Source: CrunchBase. 2014 is extrapolated from data for the first 3 quarters.

The improving market conditions also mean more interest from the large institutional pools of capital – pension funds, endowments, foundations etc.  These groups have shown an appetite for risk again, increasing their commitments to the venture category.  This has impacted the Growth/Later stage the most where generalist venture firms have been able to raise larger and larger funds.  The top 10 funds raised in 2014 are listed below:

Source: Dow Jones VentureSource

In fact, according to Pitchbook data, over 70% of the capital raised is flowing into larger growth stage oriented funds.  More capital at the growth stage, means more competition for growth deals.  This dynamic is reflected in valuation data which shows that there has been a steady increase in price for later stage rounds as competition rises.

Source: Pitchbook

A final set of charts shows that while overall fund raising is up within venture capital, the number of active venture funds (those that have raised capital in the last 5 years), has been declining.

Source: Pitchbook. 2014 data only includes Jan – Sept.                          Source: Preqin

This further suggests that capital has been flowing to a smaller number of larger firms who, given their size, have to focus on larger deals across many different industries and are not a great match for smaller more focused early stage rounds.
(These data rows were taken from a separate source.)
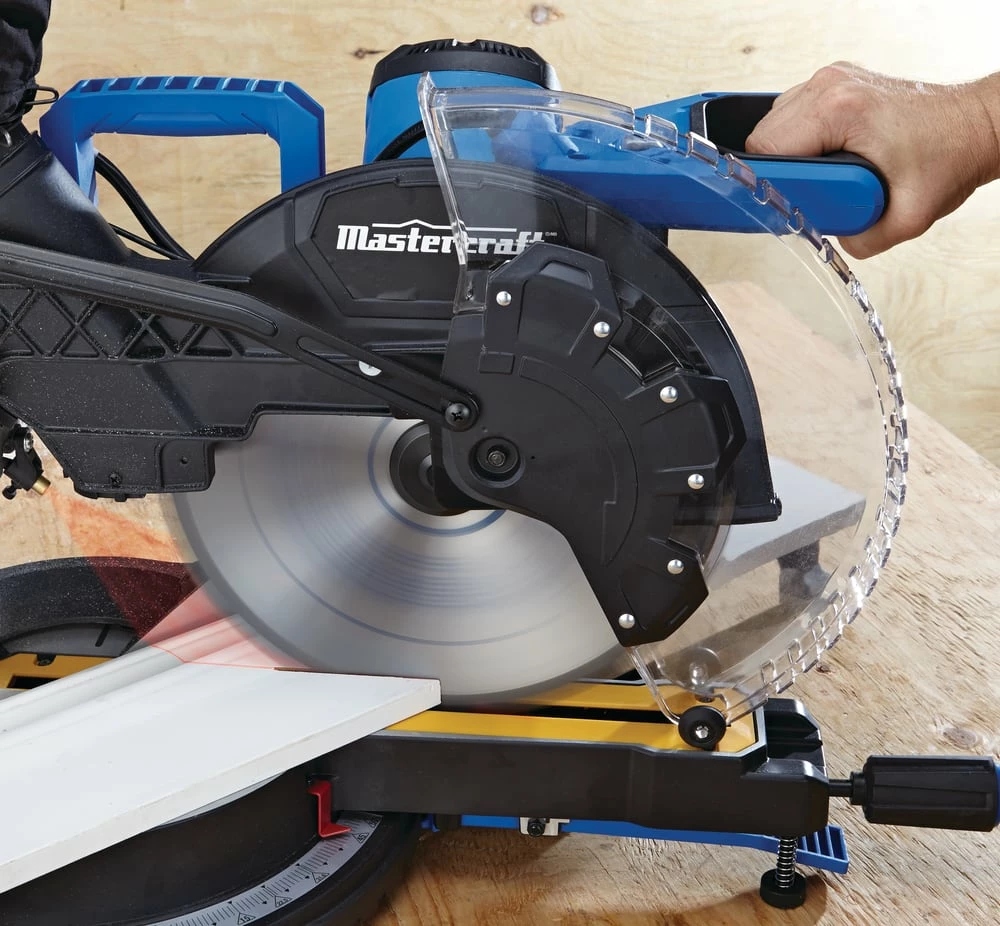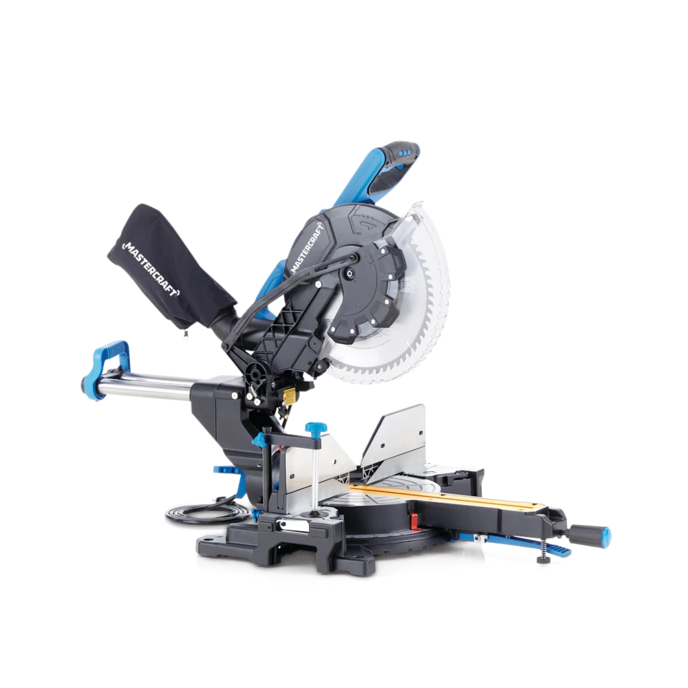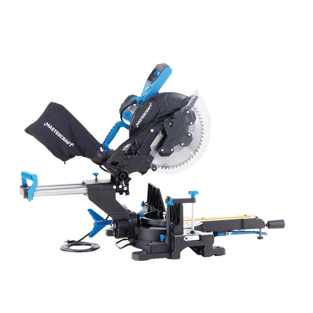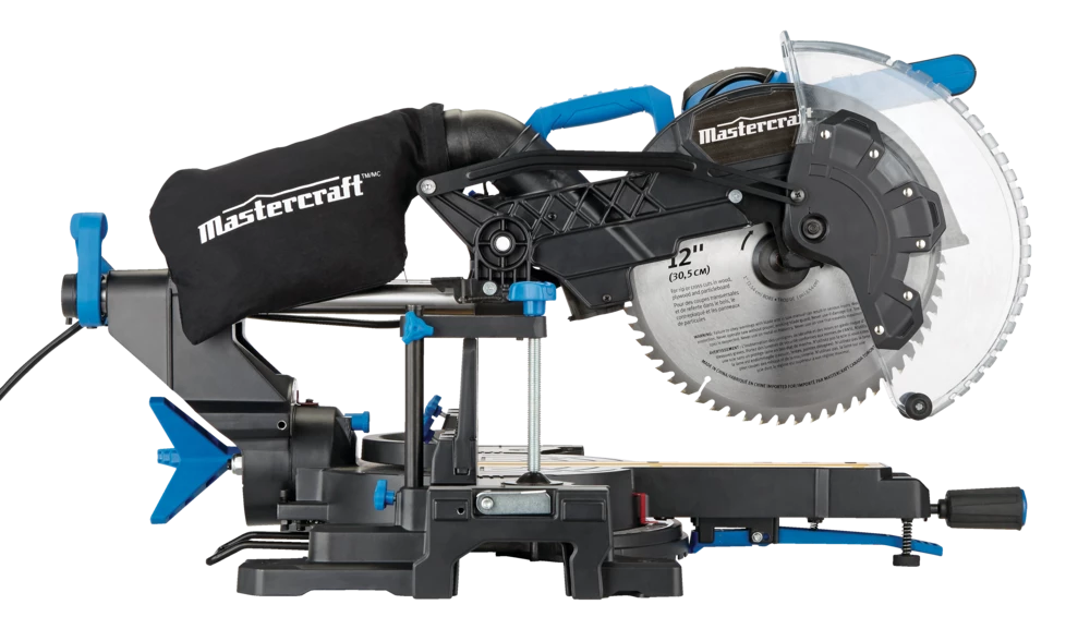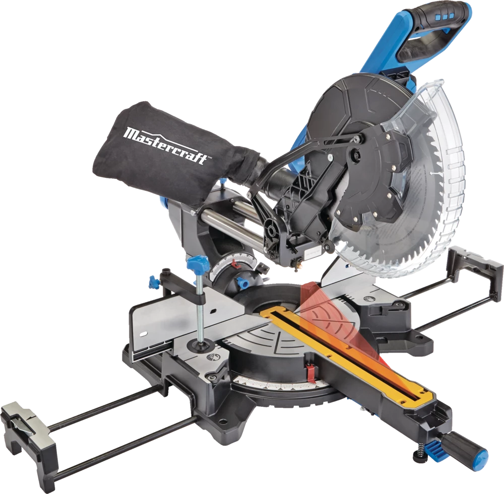 - The Mastercraft 12″Â Dual-Bevel Sliding Mitre Saw features a 15A motor and 5,500 RPM (no-load) to cut through tough materials with precision and ease
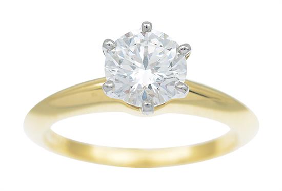 The round brilliant cut diamond of 1.10cts, mounted in 18ct gold, ring size K.
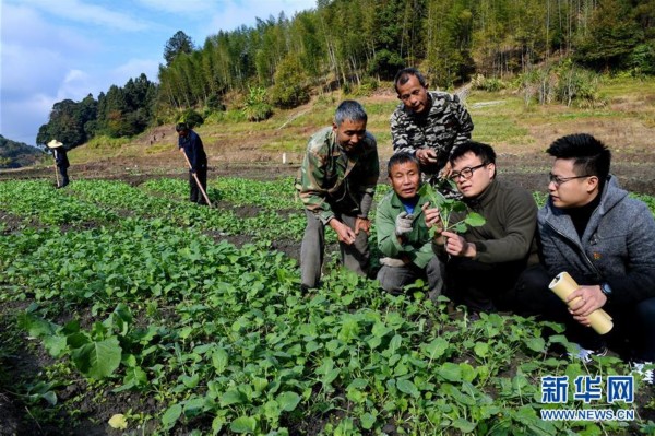 11月23日,福建南平市農(nóng)技員江鑫(右二)與紀委下派駐村干部陳瑞輝(右一)在延平區(qū)南山鎮(zhèn)前村指導(dǎo)貧困農(nóng)民種植油菜,增加冬季收入。

While there is tremendous growth in seed stage financings, and a large amount of capital competing for growth stage opportunities, the early stage has witnessed far less expansion over the same time period.  According to the data from CB Insights, Series A deals make up only 16% of the financings in 2014, and while valuations have increased modestly, the increase is no-where near those of later stage rounds.
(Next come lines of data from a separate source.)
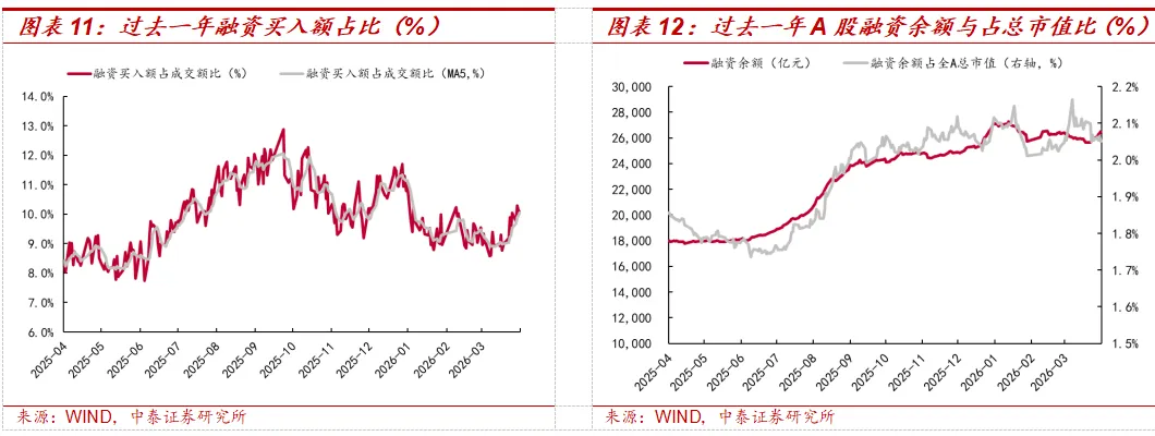 融资方面,本周融资买入占比上升。截至周四,融资余额达到2.65万亿元,约占全A总市值的2.05%,环比回升587亿元。过去5个交易日全A融资买入额大约占成交额的10.1%,环比上升0.79%。
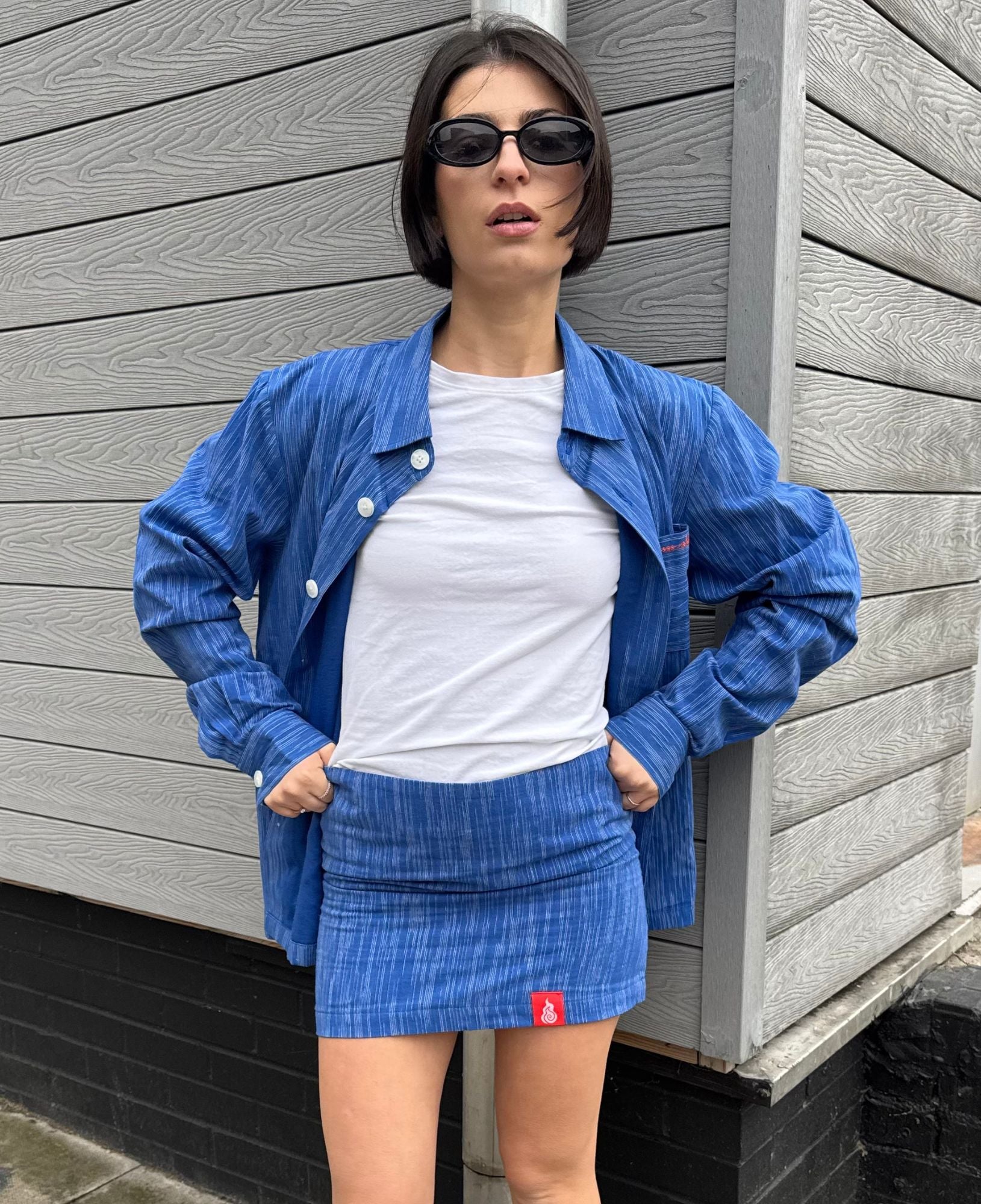 Fit Mini skirt, darted waist, form fitting. Get your usual size. Model wears M.
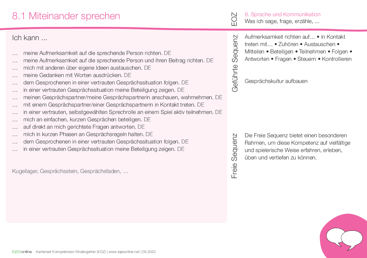 Die Kompetenzkarten sind Türöffner für verschiedene Gespräche, mit und ohne Eltern. Sie ermöglichen vielfältige Sprechanlässe und Möglichkeiten, sich auszutauschen, miteinander ins Gespräch zu kommen. Gleichzeitig üben die Lernenden, sich für andere verständlich und klar auszudrücken, sie entwickeln und erproben ihren Sprachschatz. Dabei werden Erfahrungen versprachlicht. Dadurch erst wird ein Gespräch über Bedeutung und Einschätzung der eigenen Erfahrungen erst möglich. In diesem Gespräch übernimmt die Lehrperson die wichtige Aufgabe zuzuhören und durch geeignete Fragen zu ermutigen. Empathie wiederum unterstützt das Kind auch bei der Einschätzung der eigenen Erfahrungen.
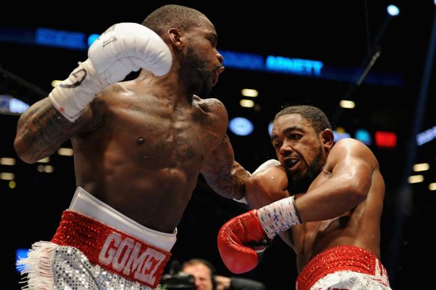 The smaller Gomez got inside Arnett’s left jab at will and pounded the body with right and left hooks. Gomez also used his right hand as a potshot weapon from the outside to freeze Arnett. That strategy paid off handsomely when he rocked Arnett with a lead right upstairs, and dropped him with a left hook to the body. Because the two knew each from the amateurs and had fought/sparred previously, there was a lot of trash-talking (mostly on Gomez’s part). At one point, Gomez was even instructing Arnett on how to make adjustments (“Go to the body! No, no…work the body!”). While fun to watch, Gomez admitted afterward that those antics, including a bad stretch of shoulder-rolling that gave Arnett some life in later rounds, probably prevented him from getting a stoppage.

So what conclusions can we draw from all this data?  For Ascent, it reinforces our conviction that not only is the early stage an exciting time to invest and help companies accelerate, but market conditions are also very attractive; there are more and more seed funded companies looking for Series A capital, and if you can start to scale the business effectively, there is an abundance of growth capital competing to lead the next round.  It is still far from easy, but it is a good time for early stage investors.